SALUTE. Rischio clinico, al via corso on line per medici e infermieri

Come gestire la sicurezza delle cure e la casistica del rischio clinico? Per garantire uniformità di trattamento sul territorio nazionale, il Ministero della Salute, in collaborazione con la Federazione nazionale ordine medici chirurghi ed odontoiatri (Fnomceo) e la Federazione nazionale collegi infermieri (Ipasvi), ha organizzato un corso a distanza sull’argomento. Destinatari dell’iniziativa sono medici e infermieri e tutti gli operatori della sanità. Il corso, primo del suo genere su vasta scala, è completamente gratuito ed interesserà circa 800mila professionisti.

Il progetto è stato presentato ieri presso il Ministero della Salute in un seminario sulla "Formazione per la sicurezza dei pazienti e la gestione del rischio clinico". "Obiettivo principale dell’iniziativa – ha sottolineato il Ministro della Salute Livia Turco – è quello di assicurare un livello omogeneo di competenze in tutto il territorio nazionale sulla sicurezza delle cure e la gestione del rischio clinico a tutti gli operatori sanitari, ospedale e territorio, indipendentemente dal ruolo e dall’ambito professionale, e rappresenta uno dei tasselli della strategia del Ministero della Salute, in sinergia con gli ordini professionali, di promozione della cultura della qualità e della sicurezza. Offre inoltre a Regioni, Province Autonome ed Aziende, impegnate nello sviluppo di programmi ulteriori di formazione, un valido strumento di lavoro".
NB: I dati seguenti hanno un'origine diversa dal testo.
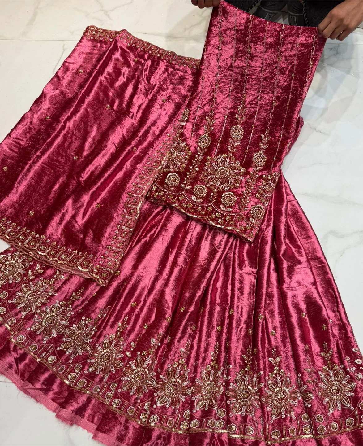Beautiful pink velvet Indian outfit with gold embroidery. The fabric has a lovely sheen and the embroidery adds a touch of elegance. Perfect for a special occasion!

Obiettivi del percorso formativo:

  • Riconoscere le motivazioni, anche etiche, per l’impegno nei confronti della prevenzione e della gestione del rischio clinico nella pratica professionale quotidiana
  • Applicare una metodologia appropriata nella propria pratica professionale per identificare i rischi clinici; riconoscere e segnalare gli eventi avversi; analizzare le cause delle insufficienze attive e di quelle latenti; scegliere ed applicare interventi per la prevenzione dei rischi e per la gestione degli eventi avversi e delle relative conseguenze Riconoscere il valore e le potenzialità della documentazione clinica e gestionale per la prevenzione del rischio clinico e l’analisi degli eventi ad esso correlati
  • Compilare in forma corretta la documentazione e collaborare alla sua adeguata gestione ed archiviazione
  • Identificare le funzioni connesse al rischio per le diverse figure professionali e le relative responsabilità
  • Istruire i pazienti, i familiari, i volontari e gli operatori per la identificazione dei rischi, laprevenzione, la protezione dagli stessi, nonché la gestione dei danni e delle relative conseguenze
  • Comunicare ai pazienti ed ai familiari eventuali eventi avversi, utilizzando metodi e strumenti efficaci
  • Identificare le implicazioni in termini di rischio clinico delle tecnologie sanitarie
  • Riconoscere le implicazioni organizzative ed economiche del rischio clinico

Il corso, che assicura 20 crediti del programma di Educazione continua in medicina (Ecm), è supportato da un manuale scaricabile on line anche dal sito del Ministero. Le lezioni saranno fruibili entro l’estate dai siti web della Fnomceo ed Ipasvi, dove sarà possibile reperire tutte le informazioni circa le modalità per la partecipazione gratuita e i metodi di apprendimento.